The train drivers had 6.9 seconds. That was the gap between the moment they spotted the construction truck on the tracks ahead - a crane truck that had rolled down a hillside slope after its parking brake failed - and the moment Taroko Express Train No. 408 struck it at full speed just outside Qingshui Tunnel. At the velocity the train was traveling, stopping was physically impossible. The collision partially derailed the lead cars, and then the train entered the tunnel.
What followed, on the morning of April 2, 2021, was Taiwan's deadliest rail disaster in decades. Forty-nine people died - 47 passengers, the driver, and the assistant driver. Another 202 were injured. The mangled carriages, compressed by the tunnel walls as they piled into each other, trapped 72 people in wreckage that rescue workers would spend hours cutting through.
The sequence that produced the disaster began with a construction crane truck parked on a road above the railway line near the northern entrance to Qingshui Tunnel in Hualien County. The truck's driver, Lee Yi-hsiang, and his assistant had been working at a construction site adjacent to the tracks. The truck got stuck in bushes near a hairpin turn, and the two men attempted an improvised tow to free it. The method failed. The truck rolled downhill, crossed the slope, and came to rest on the railway tracks.
Neither man notified the railway of the obstruction. An earlier train had passed through the same section at 09:13 that morning without incident. A photograph taken at 09:21 showed the truck still parked on the road above. Sometime between 09:21 and 09:28, it rolled onto the tracks. At 09:28, Train No. 408 struck it. The entire window of preventable disaster lasted no more than fifteen minutes.
Car number 8, at the front of the train, took the initial impact. The collision partially derailed the train before it entered the tunnel, and then the tunnel walls did the rest. As derailed carriages scraped against the tunnel's concrete interior, they crumpled and compressed. Cars 7 and 8 sustained the worst damage and accounted for most of the fatalities. The front six carriages ended up trapped inside the tunnel, with the last car only partially inside.
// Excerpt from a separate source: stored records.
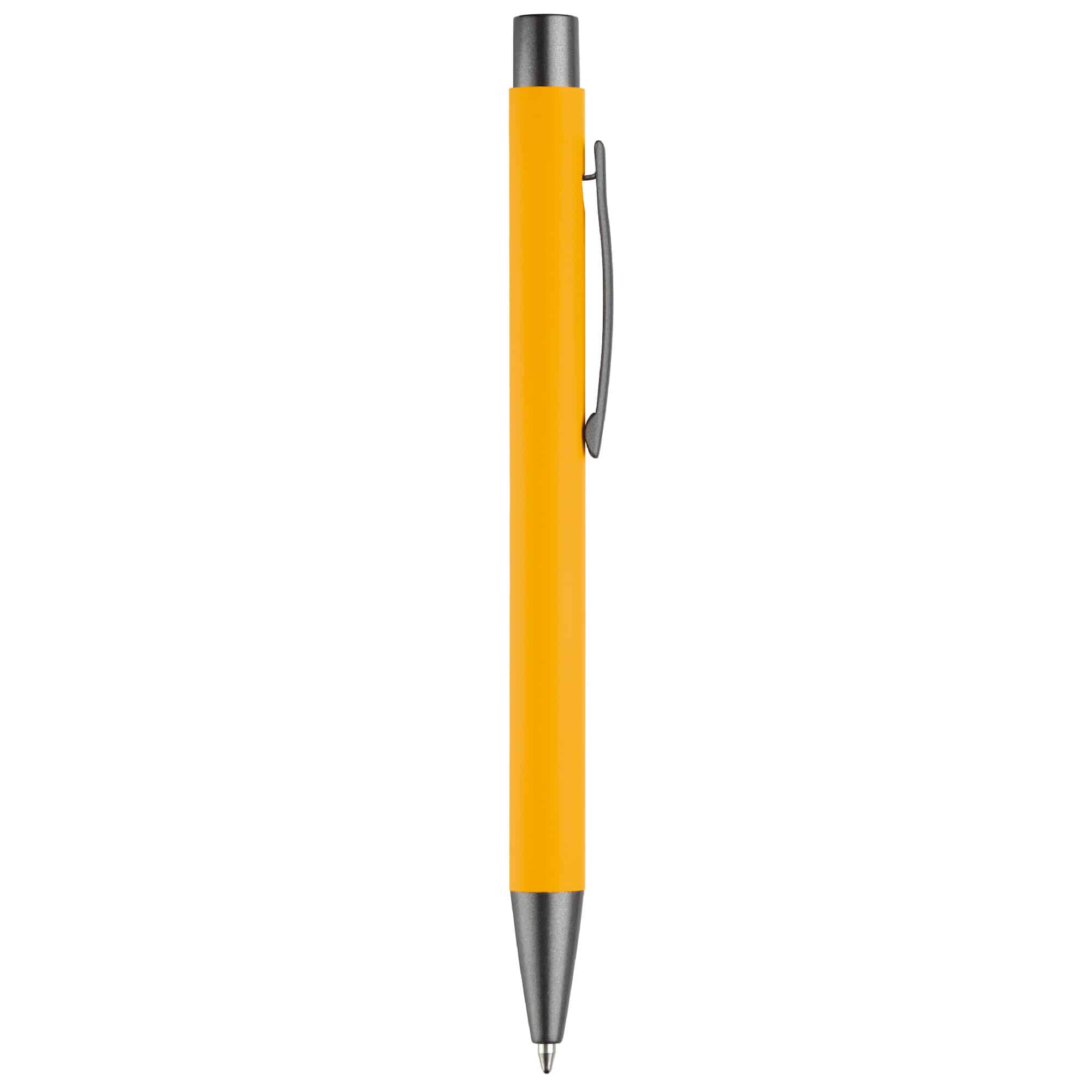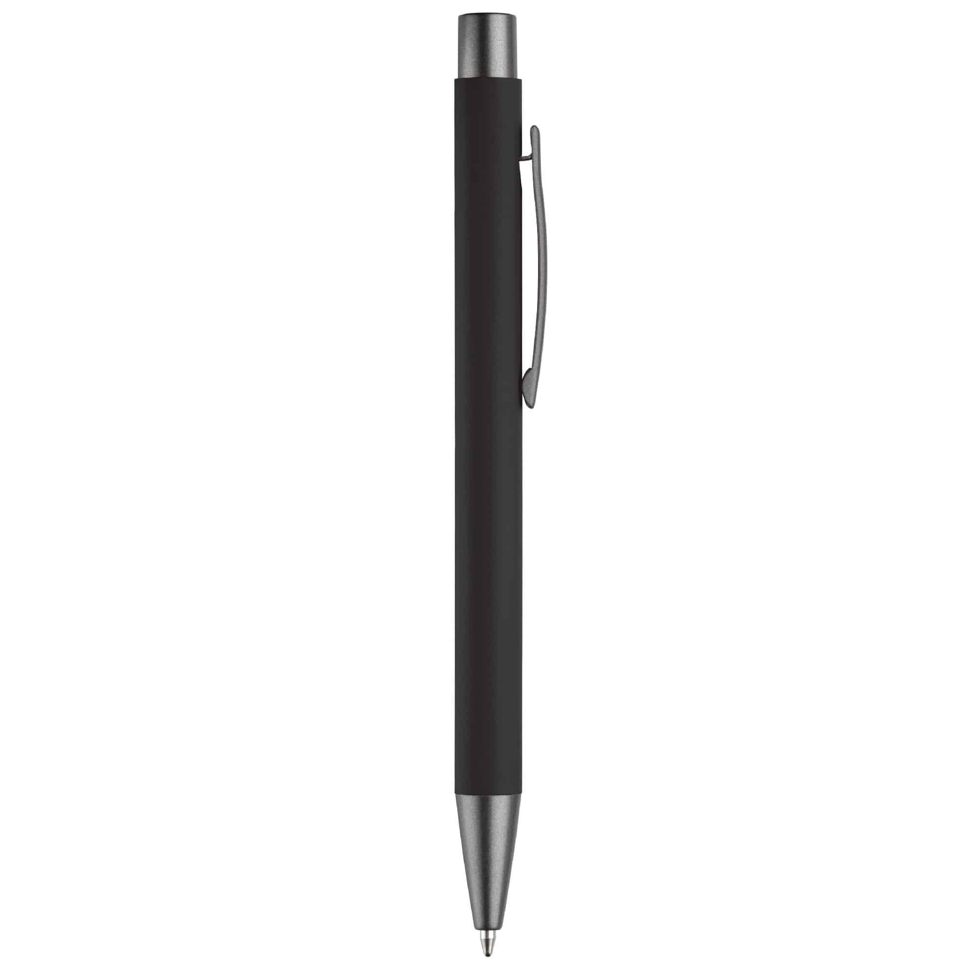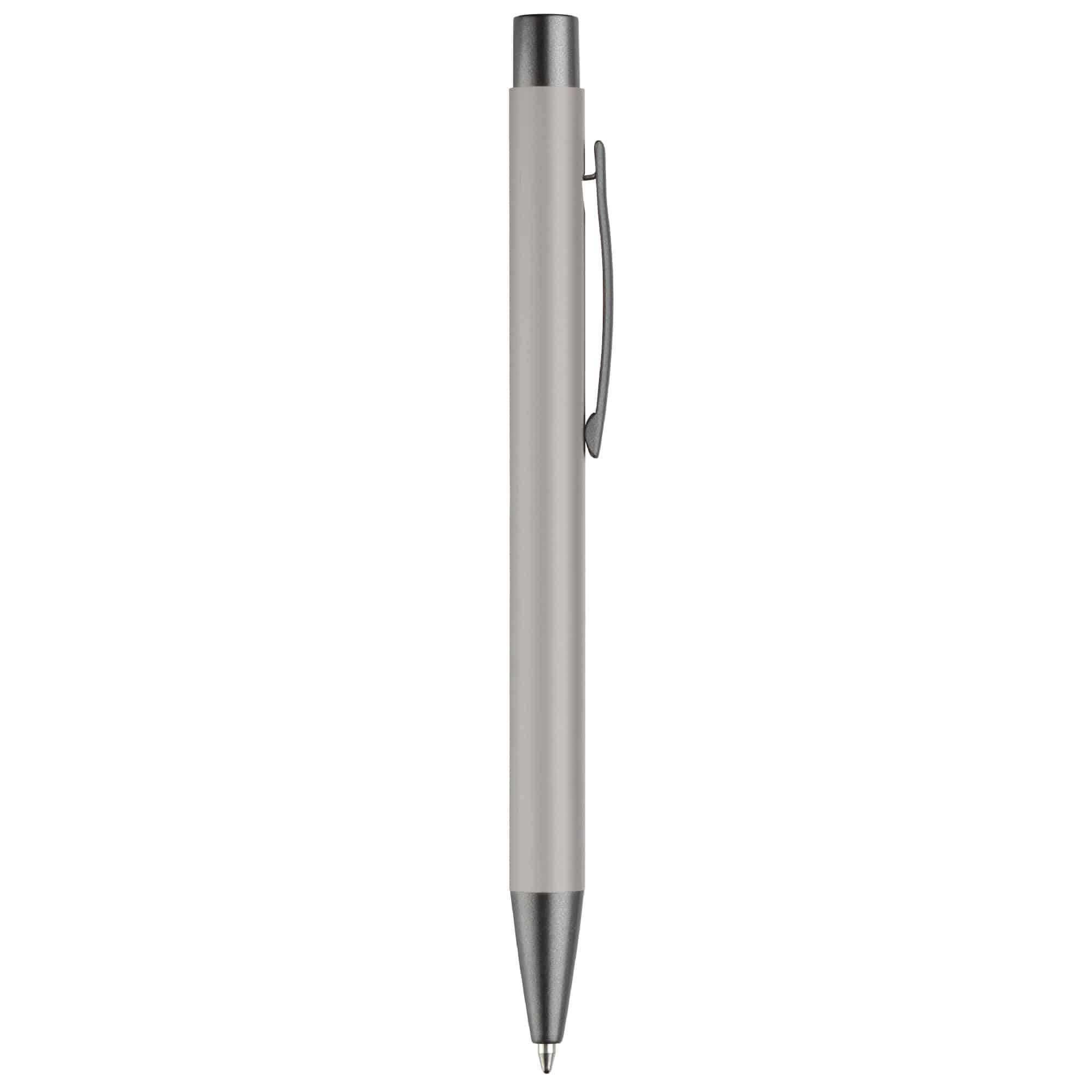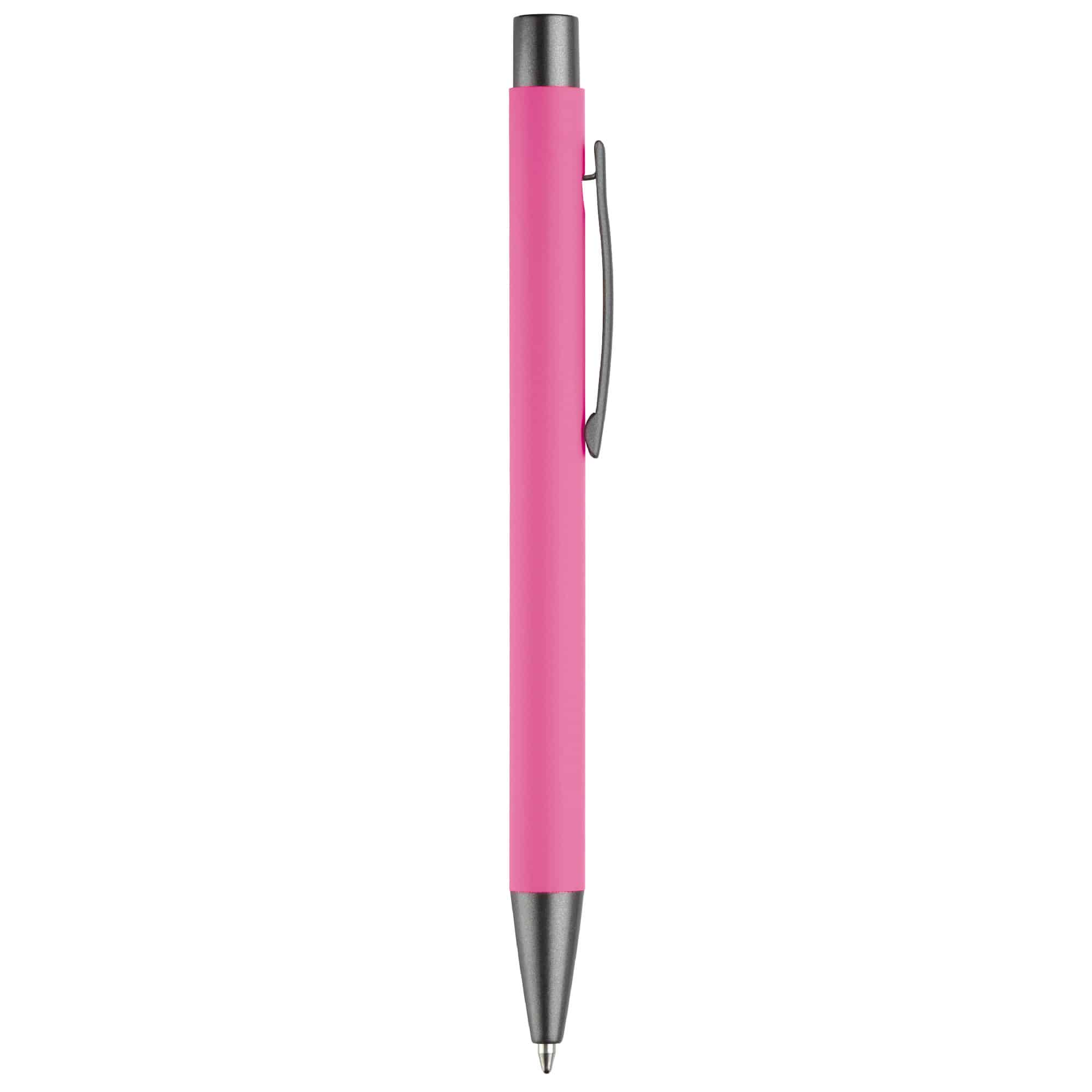Aluminium balpen met elegante rubberised soft-touch afwerking. Voorzien van stevige metalen clip en leverbaar in moderne kleuren. Blauwschrijvende vulling.
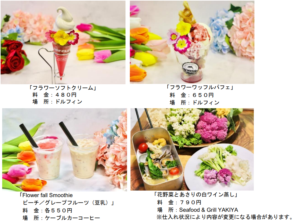 ストロベリーソースをトッピングしたワッフルとアイスを同時に楽しめる「フラワーワッフルパフェ」や、菜の花やスティックセニョールといった花野菜を使った春を感じる「花野菜とあさりの白ワイン蒸し」など、視覚だけでなく味覚でもお花見シーズンを盛りあげます。
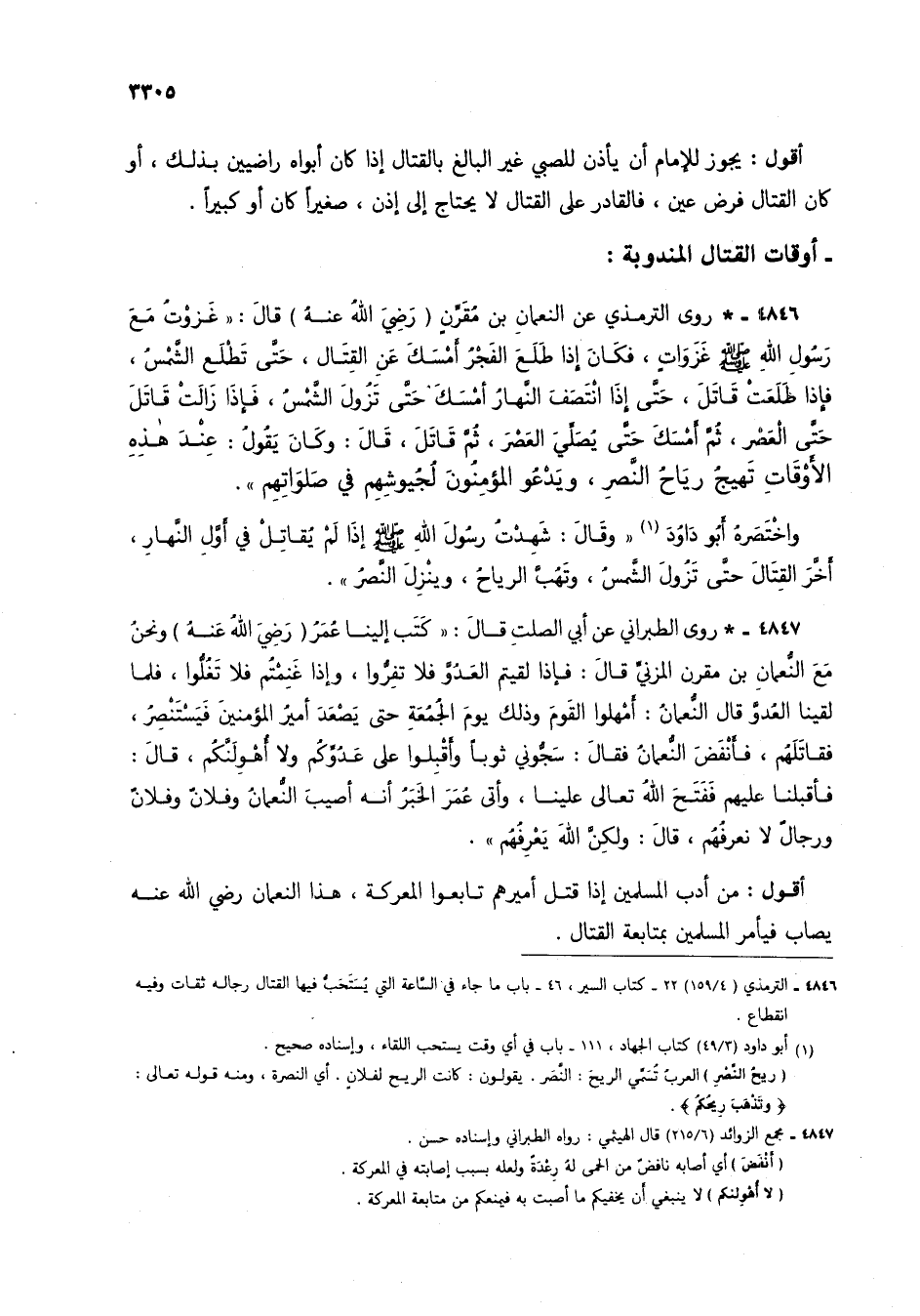 4846 - * روى الترمذي عن النعمان بن مُقرنٍ (رضي الله عنه) قال: "غزوتُ مع رسول الله صلى الله عليه وسلم غزواتٍ، فكان إذا طلع الفجرُ أمسك عن القتال، حتى تطلع الشمسُ، فإذا طلعتْ قاتل، حتى إذا انتصف النهار أمسك حتى تزول الشمس، فإذا زالت قاتل حتى العصر، ثم أمسك حتى يُصلي العصر، ثم قاتل، قال: كان يقول: عند هذه الأوقات تهيجُ رياحُ النصر، ويدعو المؤمنون لجيوشهم في صلواتهم".

Among the 490 passengers were classes from an elementary school and a university traveling for the Tomb Sweeping Day holiday weekend. Four students died: a six-year-old kindergarten girl and three university students. Thirty-two others from the school and university groups were injured, including a teacher. More than 150 emergency personnel - search and rescue teams, military units, Coast Guard, and National Airborne Service Corps - converged on the site. Removing the fourth carriage from the tunnel took until late afternoon.
The investigation by the Taiwan Transportation Safety Board revealed a cascade of failures extending far beyond a single truck. Lee Yi-hsiang, it emerged, held a dual role that was illegal under Taiwan's Construction Industry Act: he was both the site safety manager and the owner of one of the construction companies working the project. He had concealed this conflict of interest. The construction site lacked adequate safety barriers to prevent vehicles from reaching the tracks. No surveillance cameras monitored the area.
The TTSB's findings pointed to systemic negligence. In November 2020, the board had already published a damning report on the collapse of the Nanfang'ao Bridge, another infrastructure failure linked to poor maintenance oversight. The pattern was clear: Taiwan's rapid infrastructure development had outpaced its safety inspection capacity. In 2022, Lee was sentenced to prison - initially seven years and ten months, later increased on appeal to twelve years and six months. Contractors were ordered to pay NT$23 million in compensation, and victims' families received NT$150 million from the government.
The aftermath reshaped Taiwan's approach to rail safety. Minister of Transportation Lin Chia-lung resigned. Premier Su Tseng-chang ordered inspections of all bridges and infrastructure nationwide. The Taiwan Railways Administration reviewed its procedures for contractor oversight and construction site management near active rail lines. Restrictions on standing-room tickets were considered, given that the high casualty count was partly attributable to a fully loaded holiday train.
On the first anniversary, April 2, 2022, every train in Taiwan blew its horn for thirty seconds at 09:28 - the exact moment of the derailment. The sound carried across platforms and railway crossings from Taipei to Kaohsiung, a nationwide acknowledgment of the forty-nine people who died because a truck rolled fifteen minutes before a train arrived. On the third anniversary, a memorial concert and light show was held at Taipei Main Station. The tunnel itself, part of the scenic coastal route between Yilan and Hualien, remains in service. Trains pass through it daily, at speed, as they always have.
Located at 24.22°N, 121.69°E on Taiwan's rugged eastern coast, near the northern entrance to Qingshui Tunnel along the coastal railway between Yilan and Hualien. The site sits at the base of Qingshui Cliff, where mountains rise steeply from the Pacific Ocean. From the air, the Suhua Highway and the parallel railway line are visible threading along the narrow coastal strip. Hualien Airport (RCYU) is approximately 30km to the south. Taipei Songshan Airport (RCSS/TSA) is about 100km to the northwest. The terrain is extremely steep with cliffs dropping directly to the sea; expect turbulent conditions near the mountain walls. Taroko National Park lies immediately to the south.